- Born: Hanna Rakel Serafia Graf 31 August 1978 (age 47) Gothenburg, Sweden
- Spouses: ; David Boudal ​(m. 2003⁠–⁠2006)​ ; Peter Karyd ​(m. 2008)​
- Children: 4
- Modeling information
- Height: 1.73 m (5 ft 8 in)
- Hair color: Blonde
- Eye color: Blue
- Website: hannahgraaf.com

= Hannah Graaf =

Swedish glamour model and singer (born 1978)
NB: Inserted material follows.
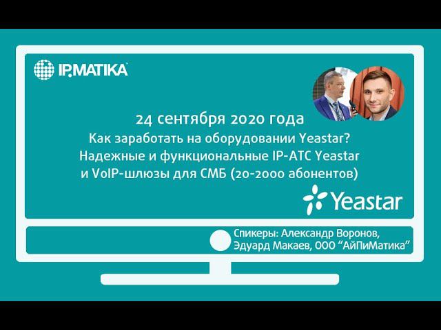 24 сентября 2020 года продакт-менеджер Александр Воронов и пресейл-инженер компании АйПиМатика по телефонным решениям Эдуард Макаев провели вебинар "Как заработать на оборудовании Yeastar? Надежные и функциональные IP-АТС и VoIP-шлюзы Yeastar для малого и среднего бизнеса от 20 до 2000 абонентов" Основные темы вебинара: - партнерская программа и условия сотрудничества; - продуктовая линейка VoIP-шлюзов; - продуктовая линейка IP PBX и CloudPBX; - единая система управления; - программные продукты.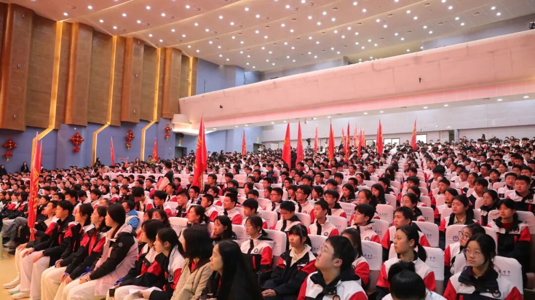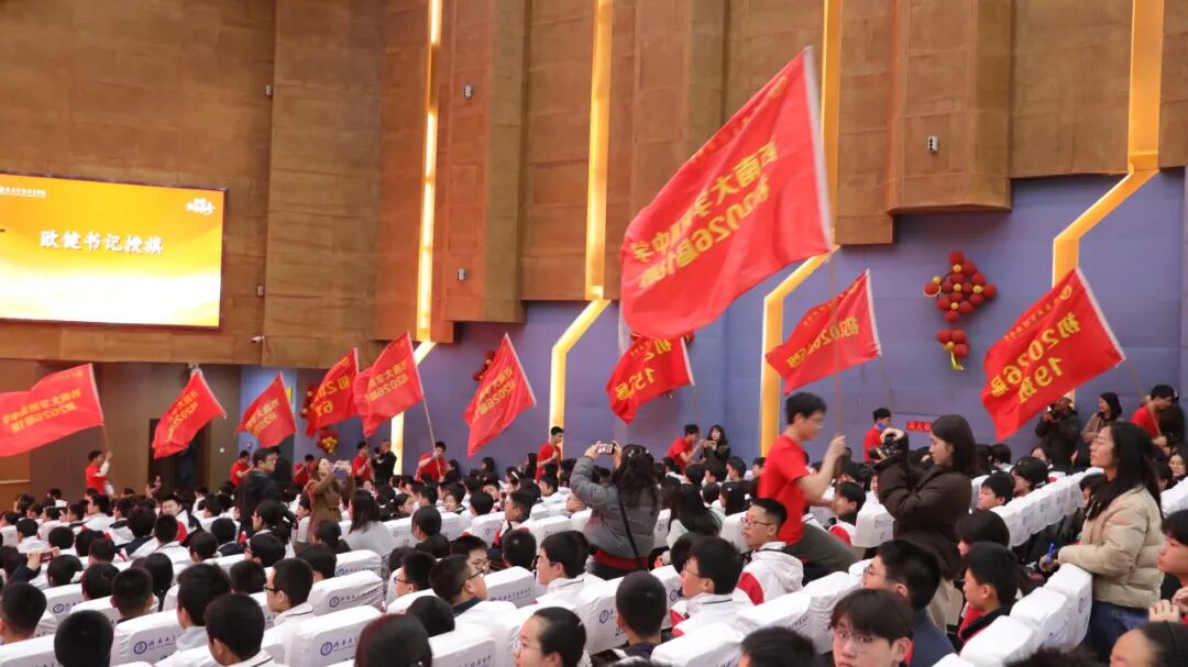 校党委书记欧健为初2026届授旗,年级主任李海涛与学生代表共同接旗,猎猎战旗在报告厅内挥舞飞扬,各班旗手紧随其后绕场奔跑,象征着青春的力量汇聚成河,奔涌向前。

Hannah Rakel Serafia Graaf Karyd (born Graf 31 August 1978) is a Swedish glamour model and singer. Graaf along with her model sister, Magdalena, formed a musical duo called The Graaf Sisters.

==Early years==
Graaf was born in Gothenburg, but grew up in Kungsängen, Stockholm County. Graaf grew up singing in the Swedish Pentecostal Church. Due to her tall stature, Graaf began modeling in her teens.

==Career==

===Modeling===
Graaf would regularly appear in men's magazine with her older sister Magdalena Graaf. The two courted controversy which created a great deal of publicity for the sisters. In 1998, the sisters stopped modeling to focus on their music career. After one record, the sisters quit and Magdalena focused her attentions on her family. In 2000, Graaf tried to reinvent herself by dying her hair brown and donning brown contacts, the exact opposite of her former blonde bombshell appearance. She appeared on the cover of Cafe with her new look. She kept this look well into 2001 until the birth of her son.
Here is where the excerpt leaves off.